If the machine smells musty, feels damp, or has visible corrosion, stop and deal with that first. Powering up a questionable machine without checking it can turn a small storage issue into a much bigger repair.

Buying advice if the machine was already stored poorly

If you are looking at a machine that sat in storage for years, do not judge it by the cabinet art alone. Moisture and battery problems often show up where they are easy to miss: under the playfield, in the backbox, around connectors, and near the bottom edges of the cabinet.

Ask whether it was stored in climate control, whether batteries were removed, and whether the machine ever sat on a concrete floor. If the seller cannot answer those questions, assume a closer inspection is needed.

That does not mean you should automatically pass on every stored machine. A dry, well-kept example can still be a good buy, especially if you are comparing it with a machine that needs a lot of cosmetic and electrical work. But storage history matters, and it often explains the difference between a simple cleanup and a full restoration. That makes more sense once you compare jukebox investing are jukeboxes a good investment.

FAQ

What is the best humidity level for pinball machine storage?

A practical target is usually around 45% to 50% relative humidity, with more importance placed on keeping the number stable than hitting one exact figure. Avoid damp rooms and big swings.

Can you store a pinball machine in a garage?

Only if the garage is insulated, dry, and climate controlled enough to stay stable. An ordinary garage is risky for long-term storage because temperature and humidity change too much.

Should you cover a pinball machine during storage?

Yes, but use a breathable cover or clean moving blanket.
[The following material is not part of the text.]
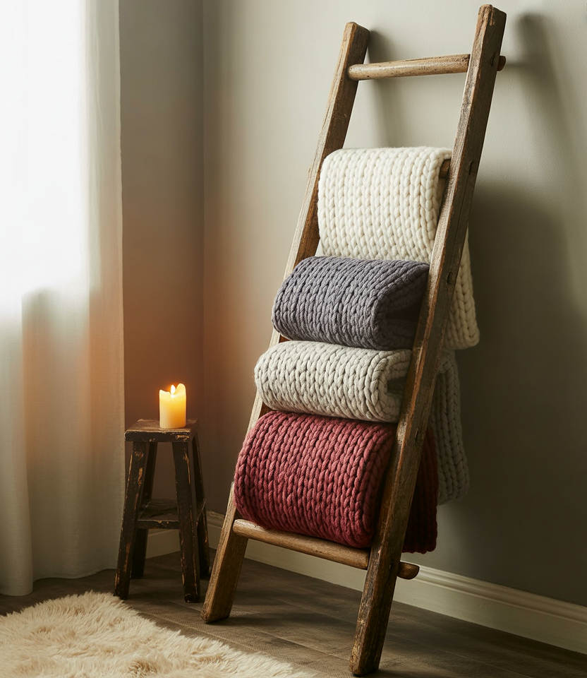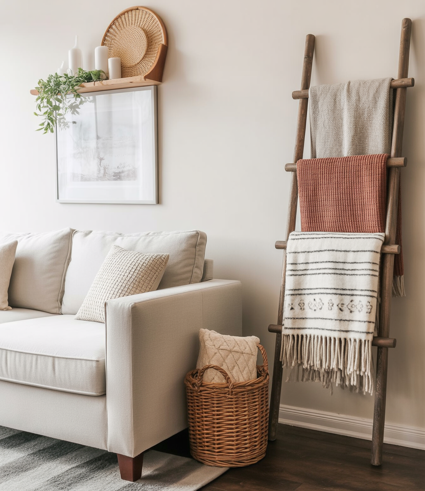 A wooden blanket ladder against the wall fits both practical and pretty purposes. Perfect for small spaces or the home rustic interiors, it turns storage into décor. Many recommend this for the home diysince ladders are simple to build. It adds a tactile layer to living room warmth.

Avoid tightly sealed plastic wrap for long-term storage because it can trap moisture.

Do older pinball machines need the same storage care as newer ones?

Yes, but newer electronic machines often need extra attention around batteries and boards. Older machines can still suffer from humidity, rust, cabinet swelling, and dirty contacts.

Is a basement better than a garage?

Sometimes, but only if the basement stays dry and does not have flooding, heavy condensation, or pests. A finished, climate-controlled basement is usually safer than an unfinished garage.

Final thoughts

The safest way to store a pinball machine is simple: keep it indoors, keep the humidity steady, keep it off the floor, and keep it away from heat, water, and direct sun. If you have to use a basement, garage, or storage unit, climate control is the difference between a reasonable stopgap and a slow repair bill.

Take a few minutes to clean the machine, remove batteries, and cover it the right way. That small amount of prep is usually what keeps a stored pinball machine from turning into a restoration project later.